Creative Nerve: What It’s Really Like to Start a Business
I had never heard the phrase below until a year or so ago, when my business partner offered it as encouragement for both of us. At the time, we were trying to psych ourselves up for the long, ongoing task of finding investors.
Apparently he had seen it applied to the founders of Google. They had, someone had written, “a healthy disregard for the impossible.”
And that is what you need. That is certainly what an entrepreneur needs. I remember feeling relieved that someone else out there believed you had to stick to your vision.
But some parts of impossible are harder to disregard than others. I’ve found that it’s a lot less difficult to trust my idea that it is to overcome other people’s fear of the unknown.

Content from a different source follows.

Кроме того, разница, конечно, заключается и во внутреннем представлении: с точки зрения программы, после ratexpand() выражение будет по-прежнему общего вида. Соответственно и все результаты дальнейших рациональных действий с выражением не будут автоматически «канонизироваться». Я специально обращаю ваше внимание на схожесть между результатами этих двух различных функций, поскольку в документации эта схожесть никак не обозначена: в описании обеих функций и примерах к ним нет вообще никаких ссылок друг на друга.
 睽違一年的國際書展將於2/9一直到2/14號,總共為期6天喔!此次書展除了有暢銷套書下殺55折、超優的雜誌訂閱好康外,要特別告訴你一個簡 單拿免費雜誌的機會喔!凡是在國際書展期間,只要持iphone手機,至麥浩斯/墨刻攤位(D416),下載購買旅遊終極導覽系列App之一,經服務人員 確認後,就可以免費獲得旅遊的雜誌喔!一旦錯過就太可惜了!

And that fear is the arch-enemy of creativity.
Why do we have an endless array of products, shows, public policies and styles that amount to the same old thing over and over again? You know? Sitcoms with the same seven plots (and reality shows with only one), clothes that simply echo earlier decades, the same campaign rhetoric election after election – the slavish replication of notable successes in anything, even though the replications by definition lack the (sometimes microscopic) creative spark that made the original successful?

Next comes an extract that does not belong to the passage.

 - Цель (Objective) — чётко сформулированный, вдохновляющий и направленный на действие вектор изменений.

Our country has been nearly paralyzed by this constant recycling of the trite, boring and ineffective. And it’s because so many people are terrified of the new. Especially people who pretend to be leaders.
This affects me as an entrepreneur in two ways: It’s exactly why I decided to create a business that would help people learn about and appreciate creativity and innovation, including their own; and it also means that my project is the kind that people with the power to help are most likely to shy away from.
I understand that those with money and influence don’t want to waste it on something they aren’t sure will be successful. They don’t want to take a risk on a model that hasn’t been proved yet, preferably many times over. But that means the ideas they’re willing to back are old and trite, not fresh and adventurous.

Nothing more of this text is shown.